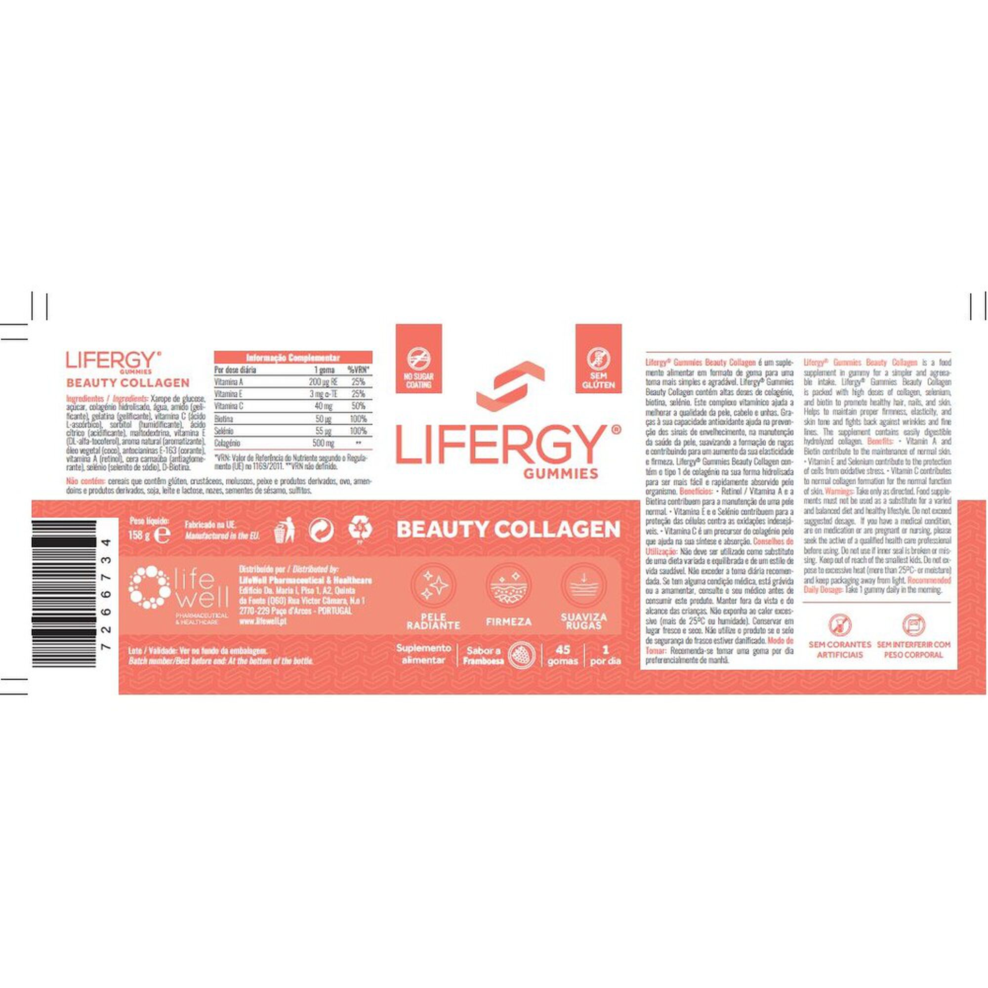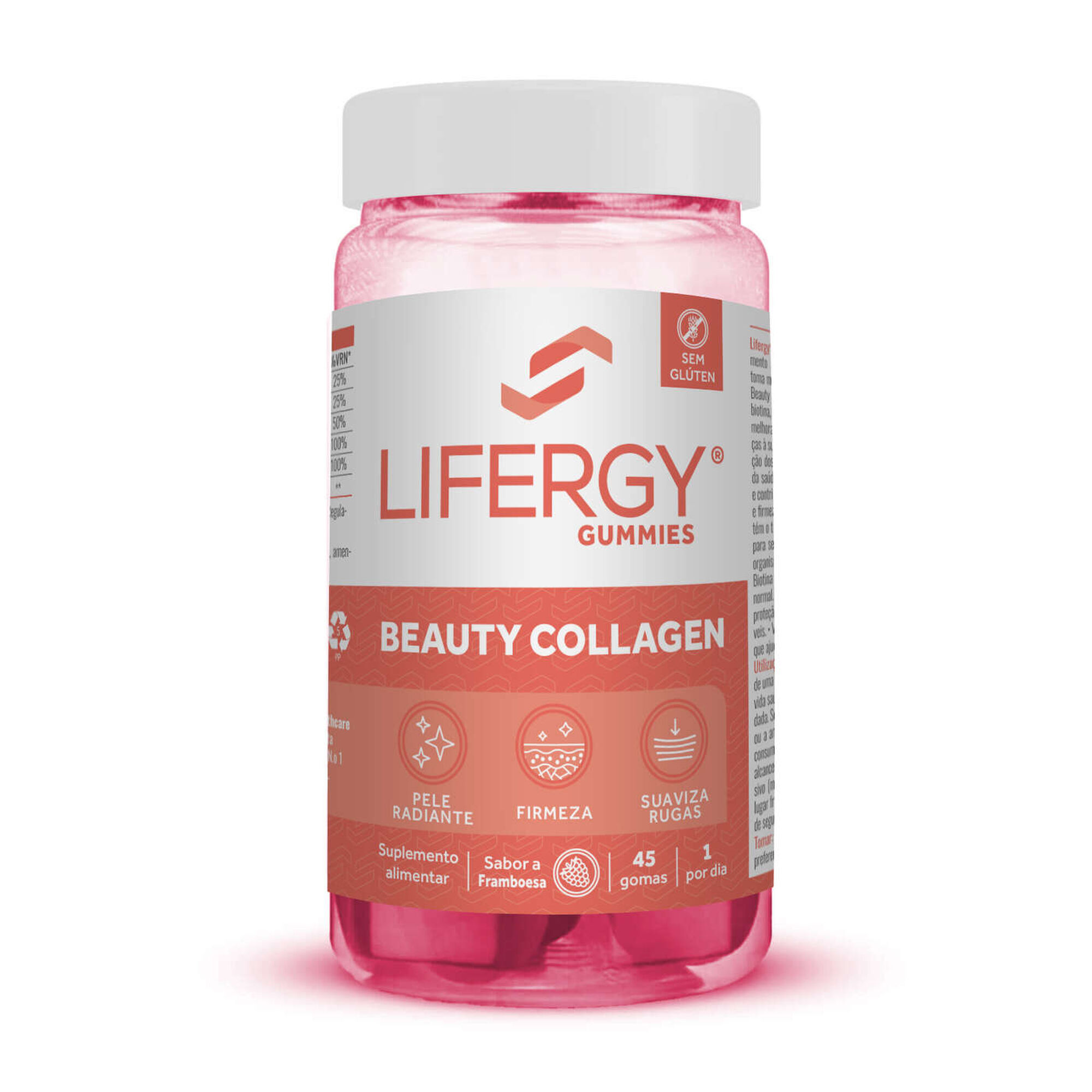 Lifergy Gummies Beauty Collagen é um suplemento alimentar em formato de goma com sabor a framboesa, contribui para melhorar a firmeza e elasticidade da pele e ajuda na prevenção dos sinais de envelhecimento. Contém altas doses de Colagénio, Biotina e Selénio. Graças à sua capacidade antioxidante ajuda na prevenção dos sinais de envelhecimento, na manutenção da saúde da pele, suavizando a formação de rugas e contribuindo para um aumento da sua elasticidade e firmeza. Contém o tipo 1 de Colagénio na sua forma hidrolisada para ser mais fácil e rapidamente absorvido pelo organismo.
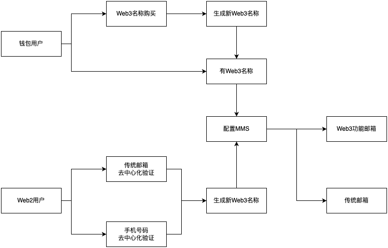 在MMS关系图中,Web3名称服务商收取自己的服务费用,例如ENS对于域名的收费规则,这样Web3名称服务商可以按年收取费用。虽然传统用户可以通过传统邮箱和手机号码产生新的Web3名称,因为传统邮箱和手机号码的拥有权在中心化机构手中,不能收取费用,或只能收取较少的费用。MMS的配置服务,可以收取一定的费用,当前我们的定价是0.5美元/年。用户可以选择使用具有全新功能的Web3邮箱,也可以选择使用其他的传统邮箱。全新Web3功能邮箱具有比传统邮箱更丰富的功能,需要单独付费,这是我们一直在开发的底层邮件系统,未来会考虑完全开源。其它功能的邮箱不具有全部的Web3功能,可以通过我们的邮件客户端支持部分Web3功能,未来邮件客户端也会考虑完全开源。
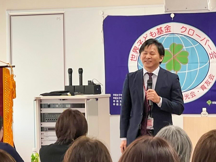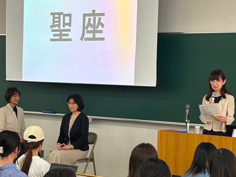 聖座、校歌、清友会の紹介を見ていただき、熊谷恵利子さん(高校45回・大人関19回)に動画にて講演していただきました。

☆ ☆ ☆ ☆ ☆

## The problem
From the line with "在MMS关系图中,Web3名" to the last line above, restate each line word for word, but skip the pictures.

## Reply to the exercise
 在MMS关系图中,Web3名称服务商收取自己的服务费用,例如ENS对于域名的收费规则,这样Web3名称服务商可以按年收取费用。虽然传统用户可以通过传统邮箱和手机号码产生新的Web3名称,因为传统邮箱和手机号码的拥有权在中心化机构手中,不能收取费用,或只能收取较少的费用。MMS的配置服务,可以收取一定的费用,当前我们的定价是0.5美元/年。用户可以选择使用具有全新功能的Web3邮箱,也可以选择使用其他的传统邮箱。全新Web3功能邮箱具有比传统邮箱更丰富的功能,需要单独付费,这是我们一直在开发的底层邮件系统,未来会考虑完全开源。其它功能的邮箱不具有全部的Web3功能,可以通过我们的邮件客户端支持部分Web3功能,未来邮件客户端也会考虑完全开源。
 聖座、校歌、清友会の紹介を見ていただき、熊谷恵利子さん(高校45回・大人関19回)に動画にて講演していただきました。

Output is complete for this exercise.